The latest “triumph” being trumpeted by Republican legislators in Topeka is a welfare reform law that, among other things, will prevent Temporary Assistance for Needy Families cash assistance from being spent on, of all things, cruise ship vacations.

Good thing they put a stop to that — I’ve been so worried that the three-person families in Marion County who receive the maximum $386 monthly benefit have been stockpiling their cash to spend on cruises to the Bahamas by living out of their cars for three months to afford the airfare to Miami and cheap cruise tickets.

Poor kids won’t be wasting taxpayer money at the Marion Sports and Aquatics Center, the Hillsboro Family Aquatic Center, or the Peabody Municipal Swimming Pool this summer getting good exercise and having fun with their more affluent friends — cash assistance can’t be spent on swimming pools anymore.

Poor ladies can’t spend cash assistance on frilly undergarments from lingerie shops, either. They’ll have to make do with what they can find at regular department stores, though I suspect these enlightened legislators would prefer they make do with used thrift shop undies.

Kansas is now the most restrictive state in the nation for cash assistance, limiting people to three years of benefits in their entire lifetime. Yes, you read that right — lifetime. Federal law since TANF was passed in 1996 caps lifetime assistance at five years, so Kansas is now 40 percent more stingy than most of the rest of the nation. Subtract from that the fact that TANF benefits today buy a third less than they did in 1996.

And, so these irresponsible cash assistance recipients don’t blow their money all at once, Kansas will now only let them get $25 a day. No other state has a daily cash withdrawal limit.

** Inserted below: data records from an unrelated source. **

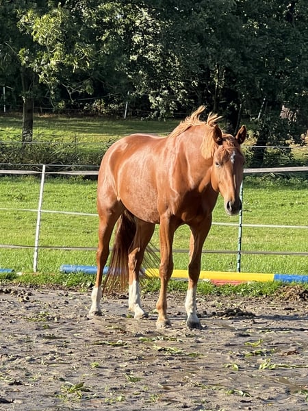 For sale directly from the breeder: this beautiful Hanoverian chestnut mare by Zinedream out of an Earl x Wildfang dam, born in May 2019. She was gently backed at a late age and has completed her first jumps and trail rides. Unfortunately, due to my limited time, she has not been further developed. Given her current training level, she is not suitable as an beginner's horse but definitely has the potential. She is very responsive and easy to handle, and she is extremely gentle in her manner. She loves being around children, is familiar with dogs, cows, and other animals, and is accustomed to tractors and quads nearby, although she does not particularly like them. She currently stays in an open stall during the day and in a box at night. Due to her limited training and a superficial injury to her front leg that still requires care and attention, she is being sold well below value. A jumping saddle adjusted in October and additional tack can also be purchased. At the moment, she is not in training due to her ongoing recovery, so trial riding is not possible. However, videos with a rider from last year are available and can be sent upon request. There is also a video showing various sequences in turnout (the latest ones are from January 2026, in the snow). She grew up as our first foal on the farm, but I am unable to keep her for personal reasons. I am looking for a loving home where she can have a meaningful task. With proper training, she will certainly be able to compete at shows; however, I am selling her as a leisure horse. If you are genuinely interested, please feel free to contact me.
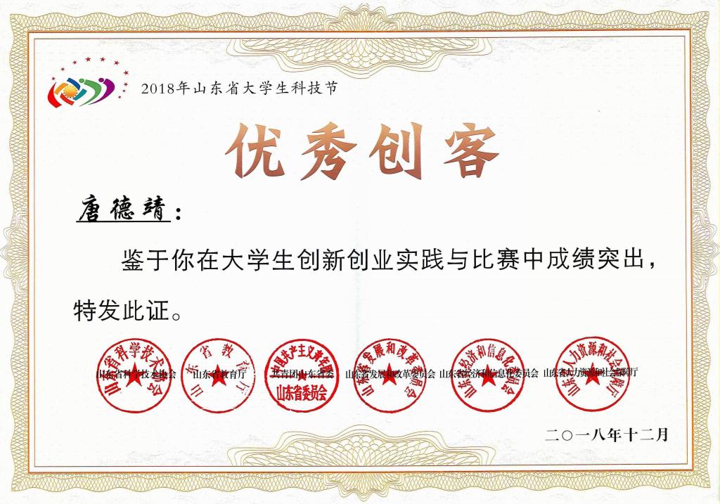 近日,山东省科协公布了2018年山东省大学生优秀创客、优秀科技创新导师、科技节优秀组织单位等一批先进典型,我校信息科学与工程学院团委书记毕文波、2016级学生唐德靖获评山东省优秀科技创新导师和山东省大学生优秀创客。
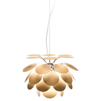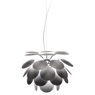 Exuberant even when turned off, the richness of the light issuing from the Discoco lamp provides direct downward illumination along with a dramatic play of lights and soft shadows.

We wouldn’t want welfare recipients to waste their allotment by making a $300 rent payment on the first of the month, would we? It’s surely better to take 12 days to withdraw that $300 and make them pay a late fee, which of course will take at least another day and another withdrawal to cover. All the while hoping there’s nothing else for which they need cash.

Kansas gets over $100 million a year from the federal government for TANF, but only $23 million goes to cash assistance. About $60 million goes to employment support and child care subsidies, money those cheating, irresponsible welfare folk can’t spend on cruises or swimming. Palm readers and movies are off limits, too.

Kansas has slashed the number of cash benefit recipients by 60 percent since 2011 through a combination of tougher program standards and people hitting the maximum years of benefits limit. There are not fewer poor people in Kansas, just a lot fewer who are getting assistance.

In the “make of it what you will” category, the bill many advocates for the poor are calling “mean-spirited” was brought to the Senate floor by a Wichita legislator who is the son of a Baptist minister.

Count me among the critical advocates. For the better part of 25 years I worked with low-income families, and rarely encountered any deadbeats. Instead, I found people doing all they could to stretch their dollars. Most were working or in school, but didn’t make enough money to escape poverty. They cared more about their kids having decent clothes, roofs over their heads, and good educations than about frivolous expenses.

To get at the relatively few instances of fraud that do exist, those of limited means have been smacked across their faces with demeaning restrictions driven by outdated stereotypes that make little sense in reality.

Divorced from reality is a recurring theme with this governor and legislature. They boast of increased spending for education, when in reality schools are getting less. They tout the “success” of tax cuts that have Kansas staring at a projected budget deficit of nearly $1 billion this year and next, while our economy lags behind that of other states.

Poor folks do better jobs of managing their money than that. Maybe the best reform for the welfare of the state would be to put them in charge for a while, and let the Topeka bureaucrats try to get by on $25 a day. I’ll bet the poor folks even would let them go swimming.